Day 1: Climate Finance Governance Effectiveness in Africa
Talk of the ravaging effects of climate change, and Africa comes into mind: frequent droughts, floods, landslides as well as recurrent conflicts over Africa. In essence, this has been the center of the climate change debate, with due regard to who is responsible for human-induced climate change, the degree of responsibility as well as the mode and degree of intervention to alleviate this challenge. It is in this context that actors in climate finance governance are meeting in Johannesburg to explore these issues, under the auspices of the “Ensuring Climate Finance Effectiveness in Africa”, in Johannesburg, South Africa, from 21-23May 2013. This workshop has been organized by the Heinrich Boll Foundation (HBF), Transparency International Kenya and Pan African Climate Justice Alliance (PACJA).
Climate Finance Space in Africa
The first day of the workshop featured presentations capturing different spheres of climate finance in Africa. Of paramount importance were the issues of governance, transparency and accountability, upon which the effectiveness of climate finance governance in Africa. Also, the participation of different players in the climate finance governance domain in Africa was explored, as well as the methodologies that should be embedded in climate finance mechanisms so as to realize climate finance effectiveness, especially with regard to budget tracking.
Climate finance governance
The issue of governance, which is the crux of this workshop, was well elaborated on by the opening remarks made by Transparency International Kenya’s Executive Director, Samuel Kimeu, and this set the context for subsequent deliberations. Some of the challenges besetting climate finance governance in Africa were identified as:
Corruption: Mr. Kimeu singled out corruption as the biggest challenge facing climate finance governance in Africa. This was manifested through lack of transparency, participation as well as monitoring and tracking mechanisms in climate finance management. A case in point: Kenya loses about 30% of its development budget to procurement malpractice!
Policy Capture: The risk of policy capture, whereby some authorities hijack policies to achieve undue influence, was identified as a major issue jeopardizing climate finance governance.
Creative Accounting and reporting: The issue of creative accounting was also put on the crosshairs as many donors were counting aid as part of climate finance.

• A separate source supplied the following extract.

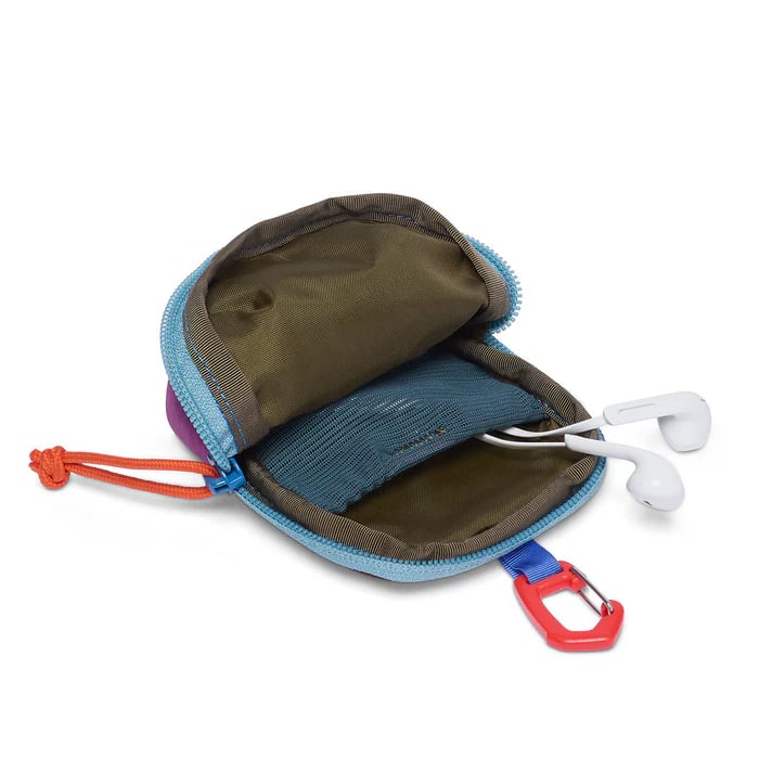 Cotopaxi Allpita Mini Bag Del Día is a compact accessory pouch designed to carry small essentials such as earbuds, lip balm, and credit cards.

For example, the Fast Start Finance agreed upon at COP15, as captured in the Copenhagen Accord, was mainly disbursed as loans, with only 43% of the funds being grants.
“You cannot burn my house and give me a loan to rebuild it” – remark from a participant
Lack of participation: the people at the center of the discussion on climate finance governance are the groups most vulnerable to climate change, and they are seldom brought into this discourse. This is a sad reality, and it was agreed upon that it was critical to involve all parties in order to realize climate finance governance.

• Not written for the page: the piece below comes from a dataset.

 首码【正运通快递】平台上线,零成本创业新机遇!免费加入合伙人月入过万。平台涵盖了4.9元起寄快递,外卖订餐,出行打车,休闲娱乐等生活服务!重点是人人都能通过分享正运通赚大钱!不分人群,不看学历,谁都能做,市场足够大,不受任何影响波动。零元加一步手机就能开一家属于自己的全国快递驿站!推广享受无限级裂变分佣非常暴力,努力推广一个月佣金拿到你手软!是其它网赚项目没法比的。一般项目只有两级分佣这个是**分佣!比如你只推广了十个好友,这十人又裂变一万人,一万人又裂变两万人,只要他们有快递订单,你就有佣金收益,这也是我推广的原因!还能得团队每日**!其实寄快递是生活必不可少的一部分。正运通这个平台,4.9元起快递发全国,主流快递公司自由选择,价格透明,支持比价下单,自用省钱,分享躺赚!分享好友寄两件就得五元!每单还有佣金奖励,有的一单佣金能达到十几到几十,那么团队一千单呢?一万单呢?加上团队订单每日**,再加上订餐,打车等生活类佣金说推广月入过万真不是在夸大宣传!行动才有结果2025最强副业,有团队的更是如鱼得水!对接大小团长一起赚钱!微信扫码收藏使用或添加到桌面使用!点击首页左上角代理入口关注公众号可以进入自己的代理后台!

Bureaucracy: Accessing climate finance, especially from the multilateral funds such as the Adaptation Fund, is a major headache for many countries in Africa. This is due to the sheer bureaucracy involved in accessing these funds, as well as the technical capacity required in preparing applications to be an implementing entity. For example, there are only 5 National Implementing Entities (NIEs).

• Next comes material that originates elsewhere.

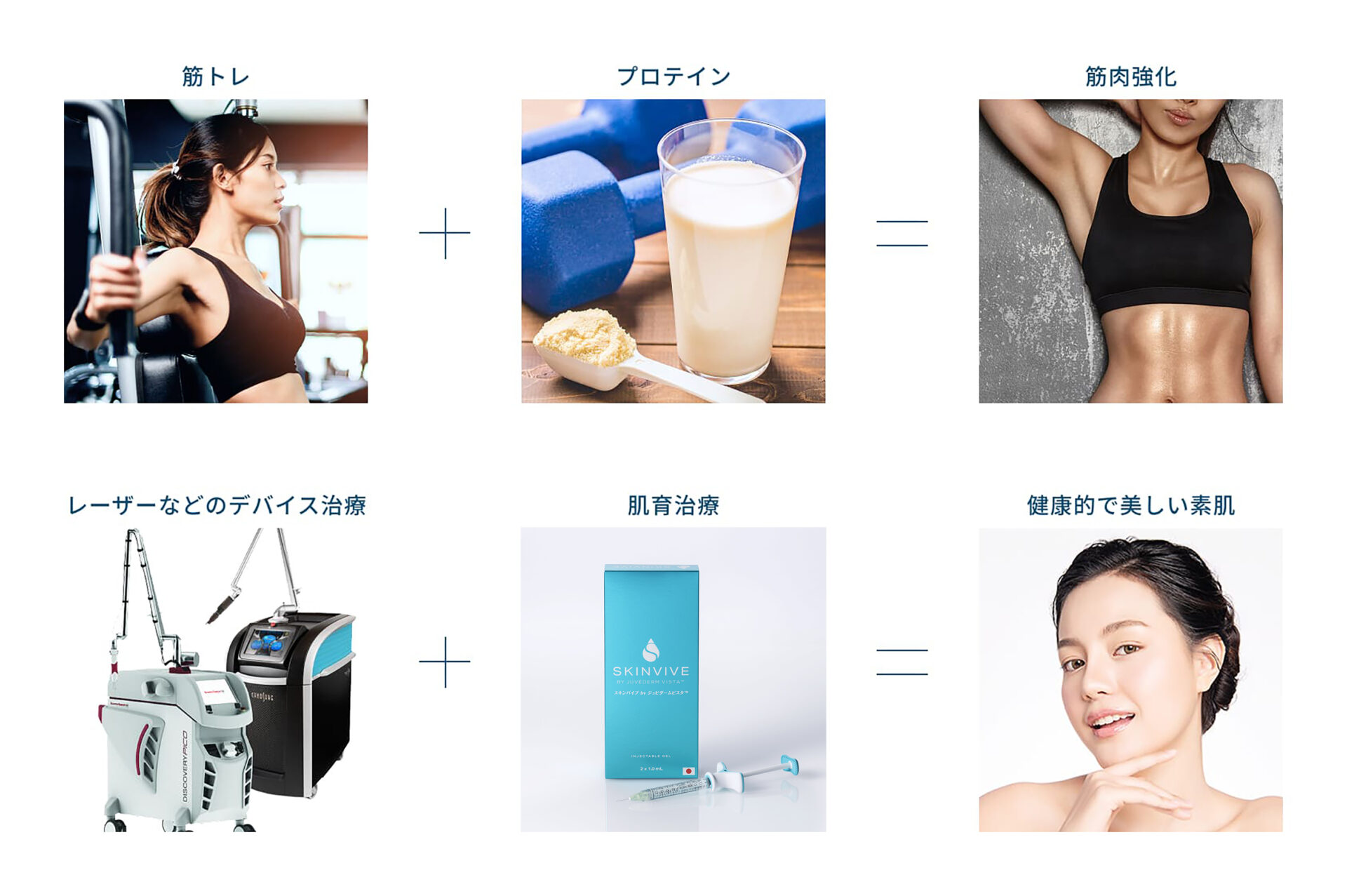いわば筋トレにおけるプロテイン。レーザー治療がトレーニングだとすると、そのトレーニング効果を最大限発揮するために欠かせないのがプロテイン=肌育治療なのです。他の治療との併用でより一層美しい肌を手に入れることができます。

Lack of capacity: most African countries that need climate finance are unable to access it due lack of sufficient technical capacity required to prepare applications to be National Implementing Entities (NIEs), as is in the case of applying for funds under the Adaptation Fund. For example, Zambia had their application to an NIE turned down because they fronted the Ministry of Finance as the entity, and they were duly informed that this was not a viable entity.